[Task requirements]:
Please give back every entry in full, word for word, but none of the pictures.

Stored entries
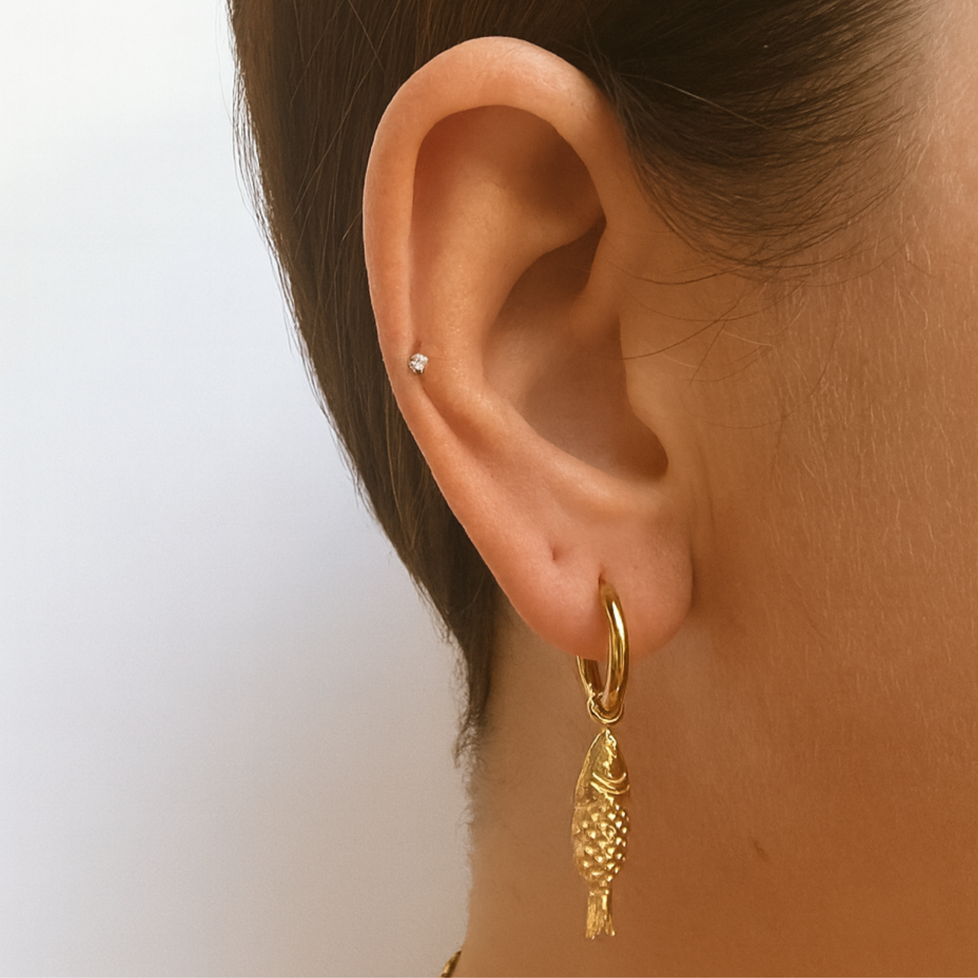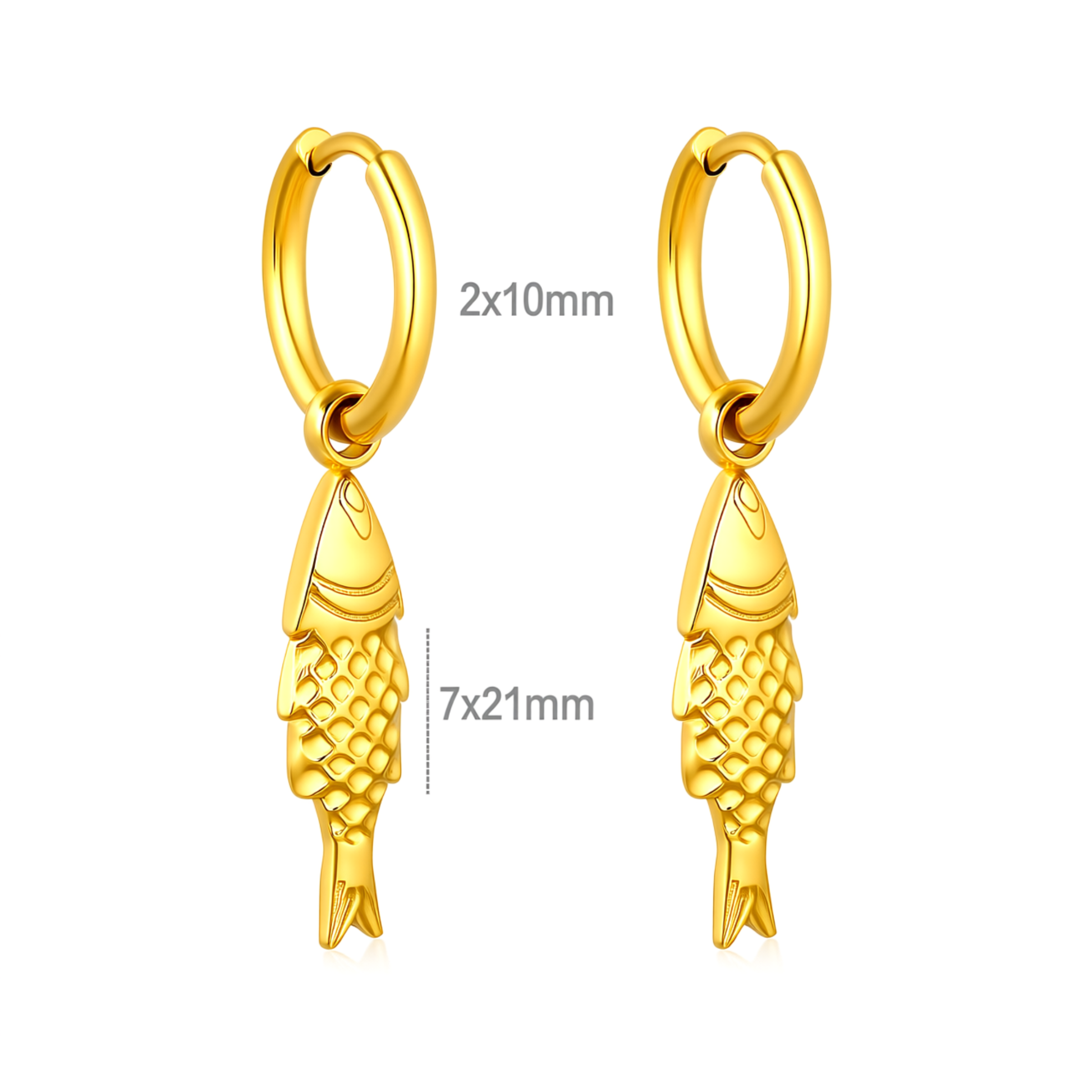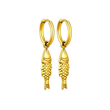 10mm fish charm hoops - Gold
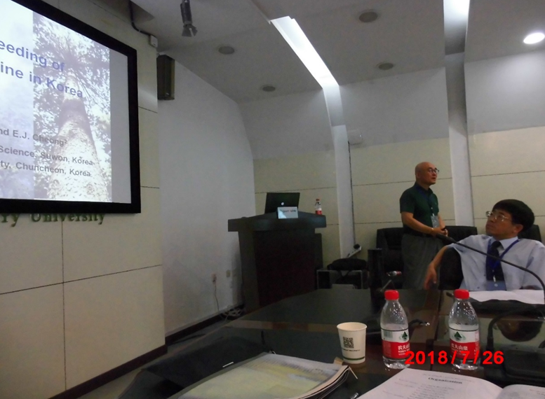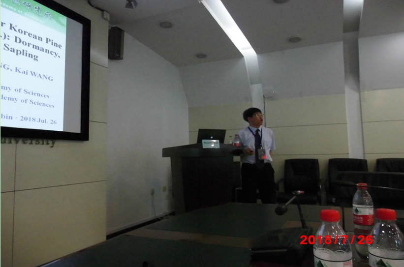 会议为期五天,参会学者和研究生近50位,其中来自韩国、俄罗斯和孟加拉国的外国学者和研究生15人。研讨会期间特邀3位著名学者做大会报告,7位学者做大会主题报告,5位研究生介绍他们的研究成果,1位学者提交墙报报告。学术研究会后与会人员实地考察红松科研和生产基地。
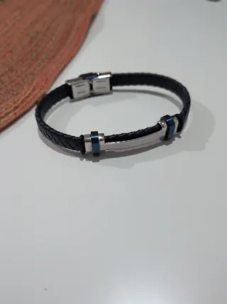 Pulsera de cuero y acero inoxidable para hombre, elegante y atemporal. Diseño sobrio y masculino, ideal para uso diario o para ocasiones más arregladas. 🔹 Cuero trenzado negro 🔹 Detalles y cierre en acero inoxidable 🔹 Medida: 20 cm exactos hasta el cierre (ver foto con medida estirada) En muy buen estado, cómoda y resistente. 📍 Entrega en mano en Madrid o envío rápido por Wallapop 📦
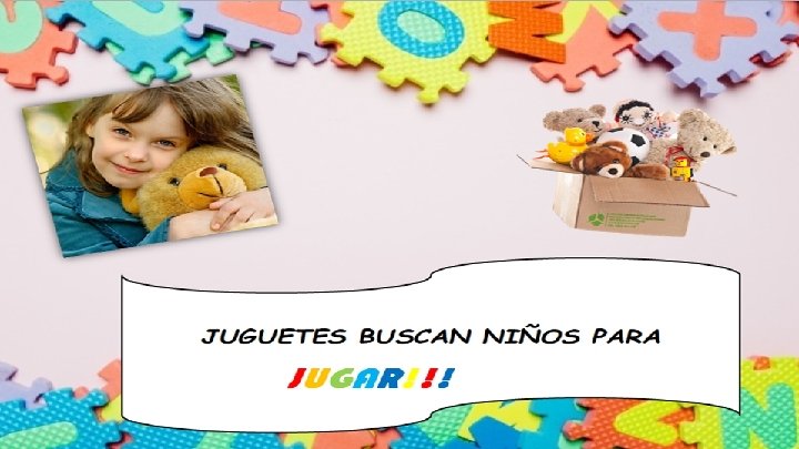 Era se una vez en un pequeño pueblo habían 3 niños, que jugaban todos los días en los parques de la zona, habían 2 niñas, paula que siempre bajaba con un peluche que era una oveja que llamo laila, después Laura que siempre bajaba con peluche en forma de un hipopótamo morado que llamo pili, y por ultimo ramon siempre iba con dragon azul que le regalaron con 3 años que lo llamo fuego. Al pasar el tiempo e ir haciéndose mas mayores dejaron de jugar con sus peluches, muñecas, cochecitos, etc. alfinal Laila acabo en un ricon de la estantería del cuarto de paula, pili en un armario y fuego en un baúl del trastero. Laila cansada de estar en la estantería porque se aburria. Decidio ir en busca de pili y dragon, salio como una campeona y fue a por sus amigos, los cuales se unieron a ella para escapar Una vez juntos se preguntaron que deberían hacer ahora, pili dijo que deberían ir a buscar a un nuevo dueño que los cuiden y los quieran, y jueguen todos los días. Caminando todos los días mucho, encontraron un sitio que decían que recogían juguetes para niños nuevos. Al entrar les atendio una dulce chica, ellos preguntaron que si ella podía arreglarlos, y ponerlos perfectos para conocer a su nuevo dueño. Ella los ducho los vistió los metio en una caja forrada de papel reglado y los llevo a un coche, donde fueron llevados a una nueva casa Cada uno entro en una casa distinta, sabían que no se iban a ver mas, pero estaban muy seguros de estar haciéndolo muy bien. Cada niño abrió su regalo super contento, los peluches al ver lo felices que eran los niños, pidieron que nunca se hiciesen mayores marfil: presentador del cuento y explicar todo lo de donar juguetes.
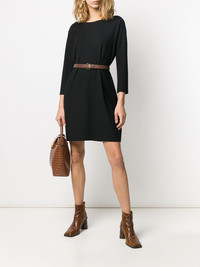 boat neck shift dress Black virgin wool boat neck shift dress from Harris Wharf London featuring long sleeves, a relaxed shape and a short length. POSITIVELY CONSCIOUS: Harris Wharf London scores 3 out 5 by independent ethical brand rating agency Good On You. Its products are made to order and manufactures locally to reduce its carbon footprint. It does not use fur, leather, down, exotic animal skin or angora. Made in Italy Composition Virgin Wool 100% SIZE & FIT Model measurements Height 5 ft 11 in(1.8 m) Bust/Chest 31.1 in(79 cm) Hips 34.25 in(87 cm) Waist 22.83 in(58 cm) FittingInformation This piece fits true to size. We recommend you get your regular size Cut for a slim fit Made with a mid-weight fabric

[Output]:
 10mm fish charm hoops - Gold
 会议为期五天,参会学者和研究生近50位,其中来自韩国、俄罗斯和孟加拉国的外国学者和研究生15人。研讨会期间特邀3位著名学者做大会报告,7位学者做大会主题报告,5位研究生介绍他们的研究成果,1位学者提交墙报报告。学术研究会后与会人员实地考察红松科研和生产基地。
 Pulsera de cuero y acero inoxidable para hombre, elegante y atemporal. Diseño sobrio y masculino, ideal para uso diario o para ocasiones más arregladas. 🔹 Cuero trenzado negro 🔹 Detalles y cierre en acero inoxidable 🔹 Medida: 20 cm exactos hasta el cierre (ver foto con medida estirada) En muy buen estado, cómoda y resistente. 📍 Entrega en mano en Madrid o envío rápido por Wallapop 📦
 Era se una vez en un pequeño pueblo habían 3 niños, que jugaban todos los días en los parques de la zona, habían 2 niñas, paula que siempre bajaba con un peluche que era una oveja que llamo laila, después Laura que siempre bajaba con peluche en forma de un hipopótamo morado que llamo pili, y por ultimo ramon siempre iba con dragon azul que le regalaron con 3 años que lo llamo fuego. Al pasar el tiempo e ir haciéndose mas mayores dejaron de jugar con sus peluches, muñecas, cochecitos, etc. alfinal Laila acabo en un ricon de la estantería del cuarto de paula, pili en un armario y fuego en un baúl del trastero. Laila cansada de estar en la estantería porque se aburria. Decidio ir en busca de pili y dragon, salio como una campeona y fue a por sus amigos, los cuales se unieron a ella para escapar Una vez juntos se preguntaron que deberían hacer ahora, pili dijo que deberían ir a buscar a un nuevo dueño que los cuiden y los quieran, y jueguen todos los días. Caminando todos los días mucho, encontraron un sitio que decían que recogían juguetes para niños nuevos. Al entrar les atendio una dulce chica, ellos preguntaron que si ella podía arreglarlos, y ponerlos perfectos para conocer a su nuevo dueño. Ella los ducho los vistió los metio en una caja forrada de papel reglado y los llevo a un coche, donde fueron llevados a una nueva casa Cada uno entro en una casa distinta, sabían que no se iban a ver mas, pero estaban muy seguros de estar haciéndolo muy bien. Cada niño abrió su regalo super contento, los peluches al ver lo felices que eran los niños, pidieron que nunca se hiciesen mayores marfil: presentador del cuento y explicar todo lo de donar juguetes.
 boat neck shift dress Black virgin wool boat neck shift dress from Harris Wharf London featuring long sleeves, a relaxed shape and a short length. POSITIVELY CONSCIOUS: Harris Wharf London scores 3 out 5 by independent ethical brand rating agency Good On You. Its products are made to order and manufactures locally to reduce its carbon footprint. It does not use fur, leather, down, exotic animal skin or angora. Made in Italy Composition Virgin Wool 100% SIZE & FIT Model measurements Height 5 ft 11 in(1.8 m) Bust/Chest 31.1 in(79 cm) Hips 34.25 in(87 cm) Waist 22.83 in(58 cm) FittingInformation This piece fits true to size. We recommend you get your regular size Cut for a slim fit Made with a mid-weight fabric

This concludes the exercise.